** The task **
Only one stretch of the data is wanted: the line containing "4 Pieces Oven", the line containing "2022年,党的二十大报告提", and every line between them, copied exactly.

** Recorded data **

########################################

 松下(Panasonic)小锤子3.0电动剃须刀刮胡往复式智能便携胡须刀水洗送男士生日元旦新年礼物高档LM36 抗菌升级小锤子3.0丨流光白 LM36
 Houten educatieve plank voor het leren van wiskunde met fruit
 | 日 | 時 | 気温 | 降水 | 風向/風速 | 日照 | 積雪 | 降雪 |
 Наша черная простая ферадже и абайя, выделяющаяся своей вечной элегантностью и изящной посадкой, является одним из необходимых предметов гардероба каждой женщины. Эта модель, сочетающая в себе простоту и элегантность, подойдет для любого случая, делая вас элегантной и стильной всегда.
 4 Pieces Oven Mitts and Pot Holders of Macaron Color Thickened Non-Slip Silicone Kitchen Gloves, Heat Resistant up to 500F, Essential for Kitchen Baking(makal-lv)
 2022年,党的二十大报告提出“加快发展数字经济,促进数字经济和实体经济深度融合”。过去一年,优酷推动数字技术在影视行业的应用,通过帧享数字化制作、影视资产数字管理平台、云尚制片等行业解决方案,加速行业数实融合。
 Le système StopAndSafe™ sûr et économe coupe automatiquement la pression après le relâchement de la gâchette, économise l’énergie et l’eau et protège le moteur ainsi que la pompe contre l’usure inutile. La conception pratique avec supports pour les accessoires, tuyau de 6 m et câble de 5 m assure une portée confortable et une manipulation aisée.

########################################

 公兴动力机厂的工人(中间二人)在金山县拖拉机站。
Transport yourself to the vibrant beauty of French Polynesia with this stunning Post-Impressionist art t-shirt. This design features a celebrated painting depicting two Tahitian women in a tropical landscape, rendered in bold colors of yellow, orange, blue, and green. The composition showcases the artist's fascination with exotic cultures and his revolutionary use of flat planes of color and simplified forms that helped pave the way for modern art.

########################################

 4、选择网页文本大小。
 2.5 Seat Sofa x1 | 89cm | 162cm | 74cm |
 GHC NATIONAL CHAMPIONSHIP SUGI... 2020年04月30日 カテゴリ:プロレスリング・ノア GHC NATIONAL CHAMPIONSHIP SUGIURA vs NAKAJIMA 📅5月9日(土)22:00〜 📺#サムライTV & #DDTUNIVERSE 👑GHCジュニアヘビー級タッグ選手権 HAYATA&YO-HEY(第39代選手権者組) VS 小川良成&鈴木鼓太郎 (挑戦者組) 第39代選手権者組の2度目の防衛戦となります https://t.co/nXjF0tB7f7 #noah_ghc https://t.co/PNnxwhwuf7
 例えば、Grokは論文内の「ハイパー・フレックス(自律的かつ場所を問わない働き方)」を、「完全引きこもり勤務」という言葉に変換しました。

########################################

** Exercise response **
 4 Pieces Oven Mitts and Pot Holders of Macaron Color Thickened Non-Slip Silicone Kitchen Gloves, Heat Resistant up to 500F, Essential for Kitchen Baking(makal-lv)
 2022年,党的二十大报告提出“加快发展数字经济,促进数字经济和实体经济深度融合”。过去一年,优酷推动数字技术在影视行业的应用,通过帧享数字化制作、影视资产数字管理平台、云尚制片等行业解决方案,加速行业数实融合。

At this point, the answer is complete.